My first T was a Mexican Red Knee sling, followed 15mins later by a Chile Rose sub adult :blush:

I paid £18 for her and £7.99 for her faunarium. We use Eco-earth substrate which is £4 for 2 blocks, and thye last for AGES! You slice some off then soak it and it expands. You may find the T climbing the walls or on top of it's hide fot the first few days, as most beginner species of T's prefer dry ground. We use flowerpots for our hides, with a third cut off so they are still touching the substrate allowing them to feel vibrations from rickets etc. We had her in November and haven't had to clean her out yet, and she is still clean in there. We use a plastic bottle top as a water dish. I have bought stones for decoration but haven't put them in yet. You could put false leaves in as a fake plant for decoration, but these aren't necessary. Ours are kept at room temp.

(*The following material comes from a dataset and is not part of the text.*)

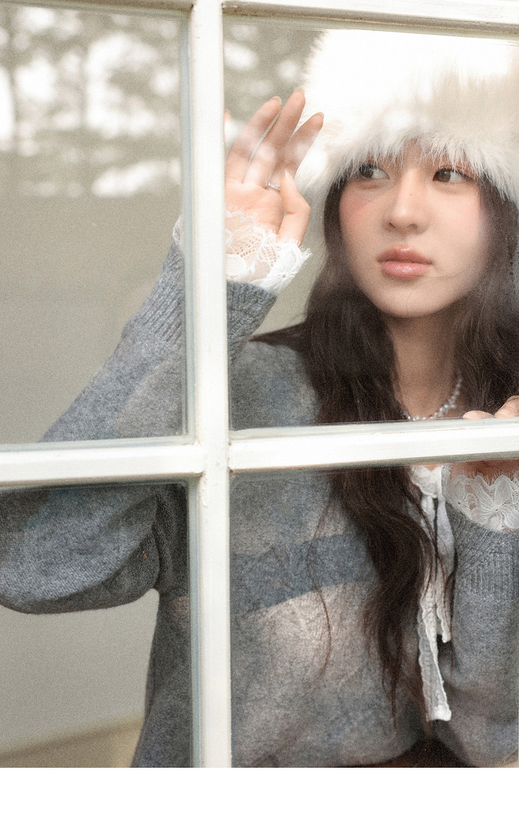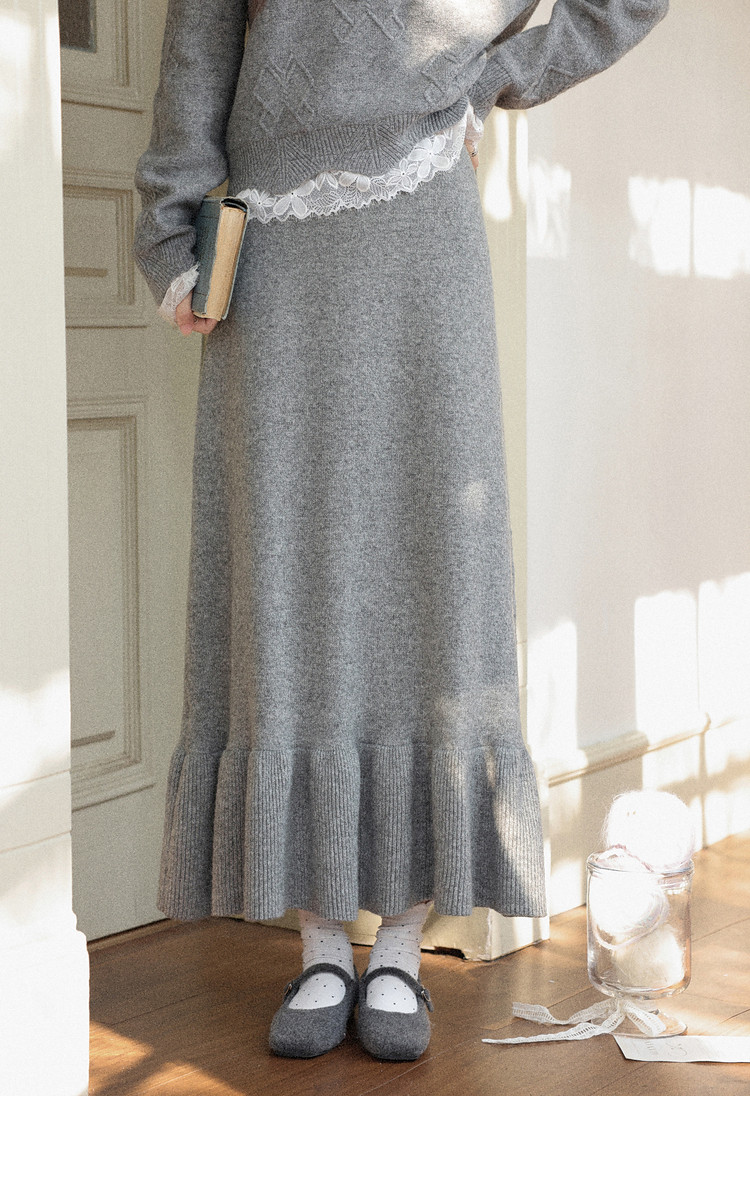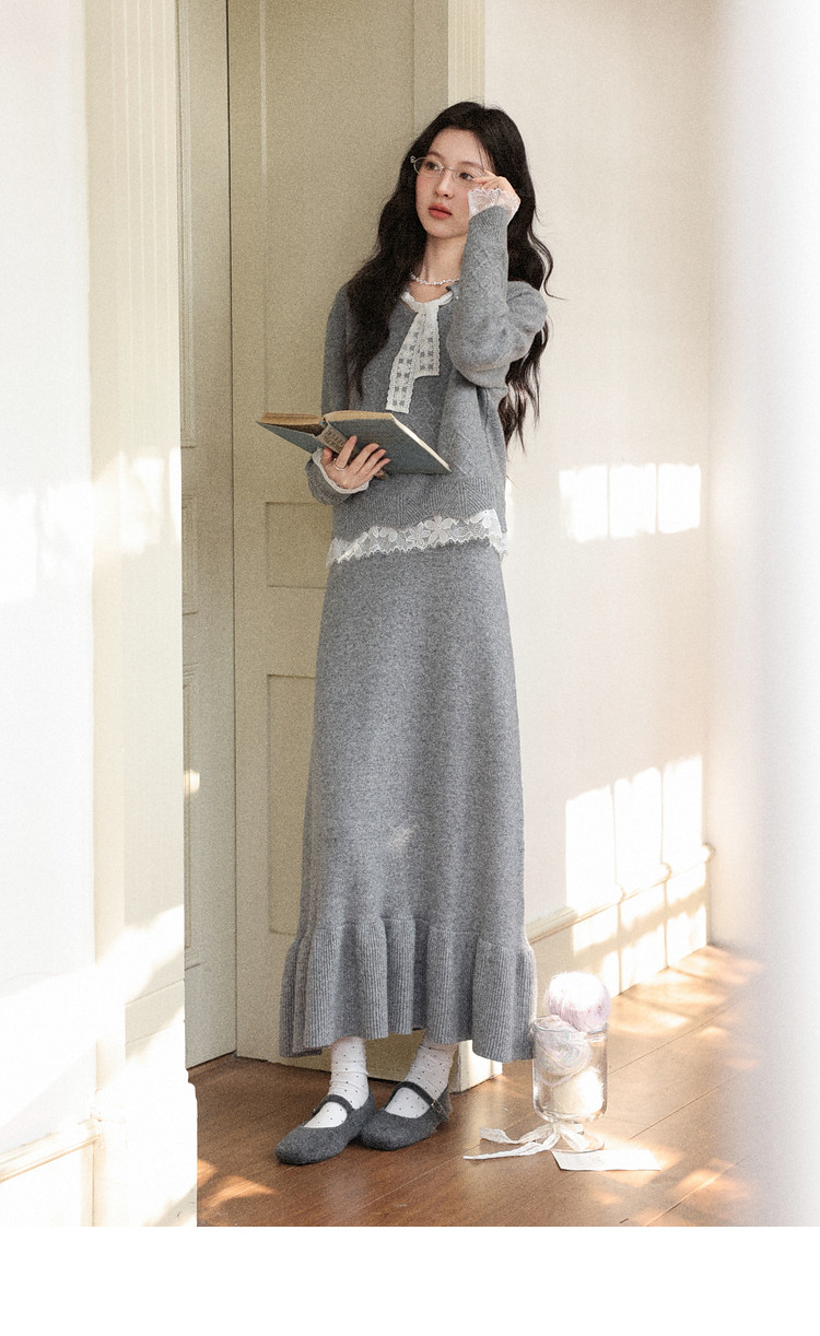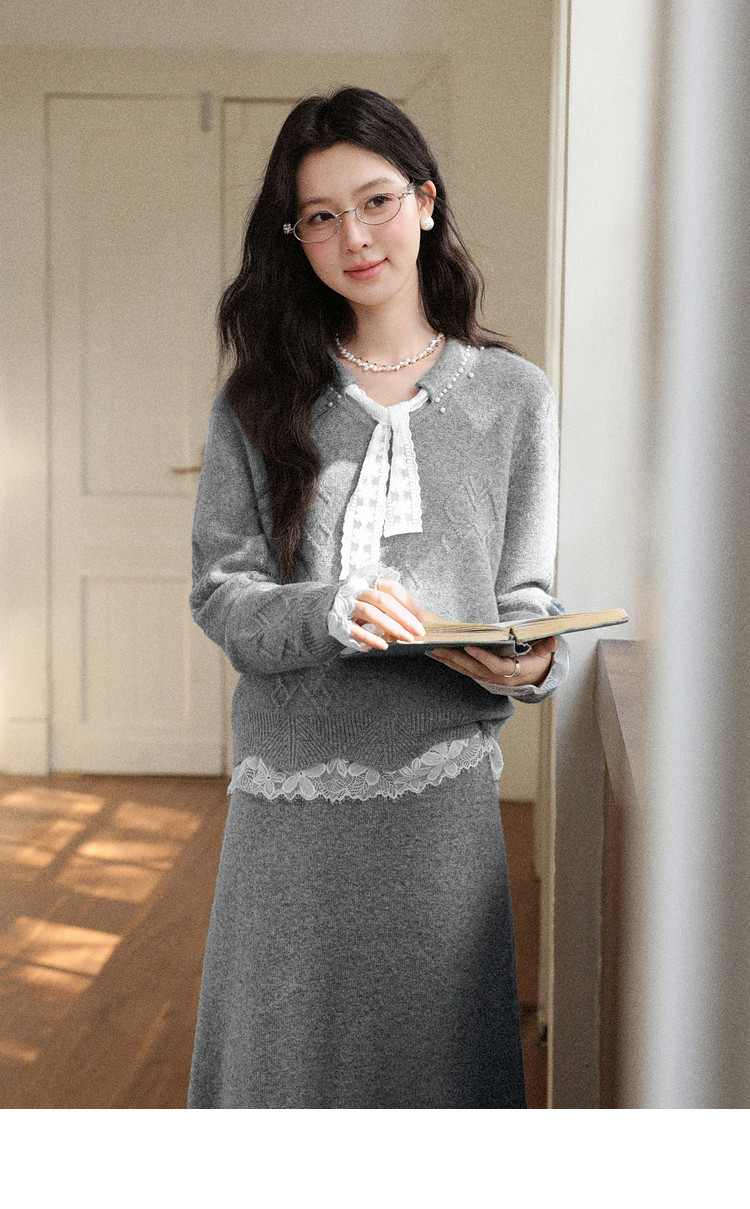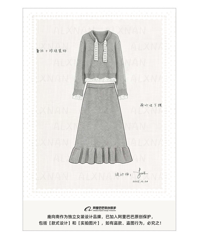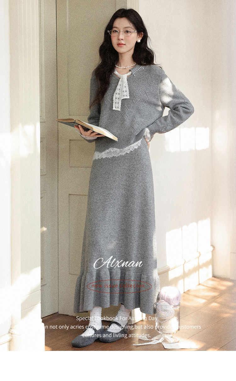 鹿向南「棕意霜柔」灰色设计感长袖毛衣秋冬新款灰色半身裙套装女
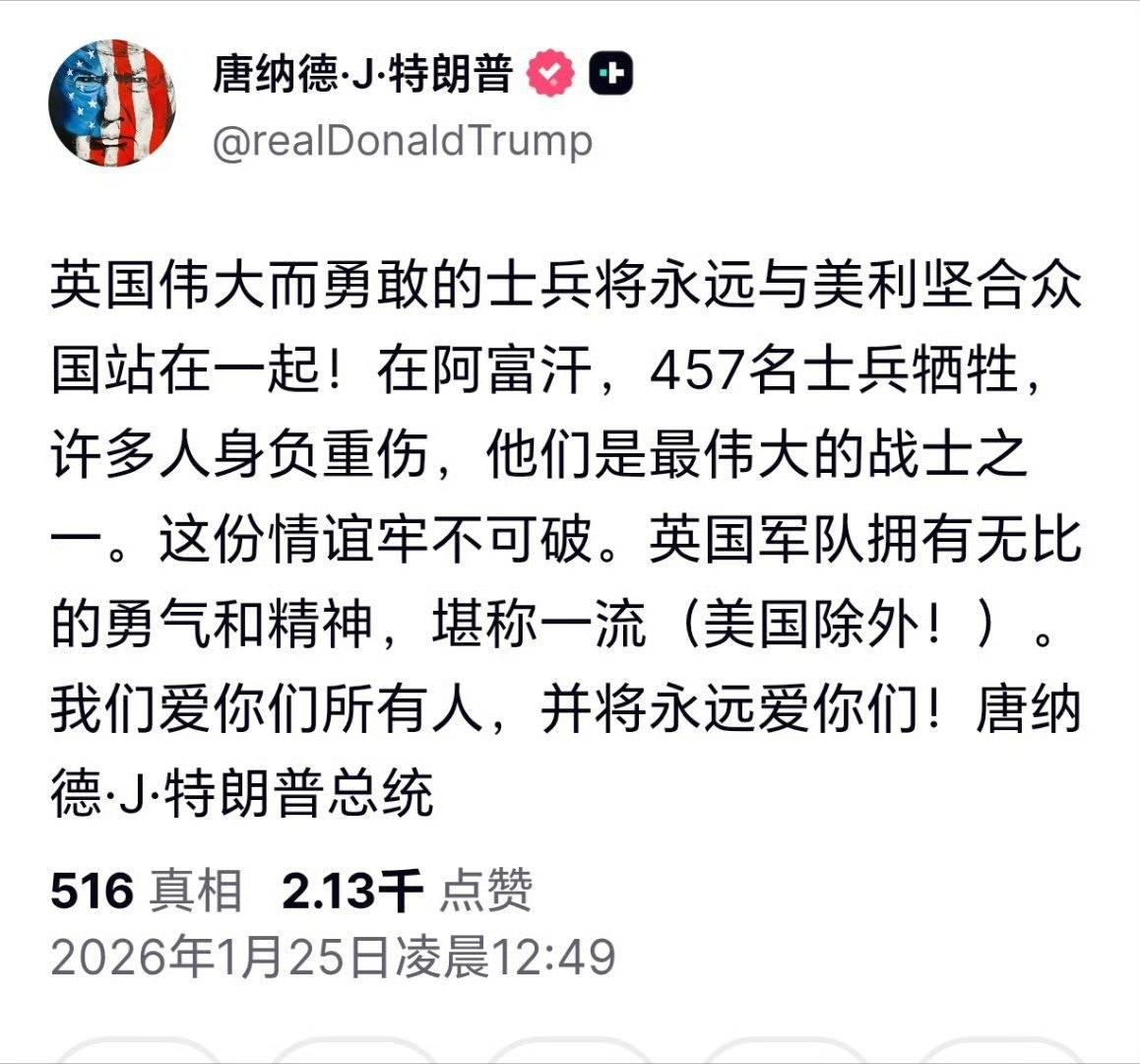 英国首相斯塔默抗议特朗普,居然成功了。特朗普达沃斯说,美国从来没有需要过北约,北约盟友向阿富汗派的兵都在后方,远离前线。 斯塔默昨天回应说,特朗普的话极具侮辱性,令人震惊,要求特朗普道歉。 英国首相府发了个声明,英军与美军并肩持续作战,特朗普低估了包括英军在内的北约部队在阿富汗战争中的作用。 结果,短短几个小时后,特朗普还真道歉了。或者说,服软了。不过,只向英国服软,夸了一通派驻阿富汗的英国士兵。

They are VERY low maintenence. We feed ours 2-3 times a week and take any crickets out that haven't been eaten after 24 hours. They are fab to watch and not a real worry if your on a weeks hols etc. 

Let us know if you get one 

Oh, and by the way, it won't stay one for long, T's are VERY VERY VERY addictive, aren't they guys?


----------



## joe0709 (Sep 22, 2007)

pumpkinette said:


> Oh, and by the way, it won't stay one for long, T's are VERY VERY VERY addictive, aren't they guys?


they sure are :whistling2: i started off with my chili and had 10 more t's 2 and half week later lol


----------



## GRB (Jan 24, 2008)

My first suggestion would be to buy this:
Amazon.co.uk: Tarantulas and Other Arachnids (A Complete Pet Owner's Manual): Samuel D. Marshall: Books

Before you buy any tarantula, it will answer 99% of any questions you could ever hope to ask.

You can grab one for 48p+, it's well worth it. It will help you decide easier as well, as there are descriptions of common species + care guidelines.


----------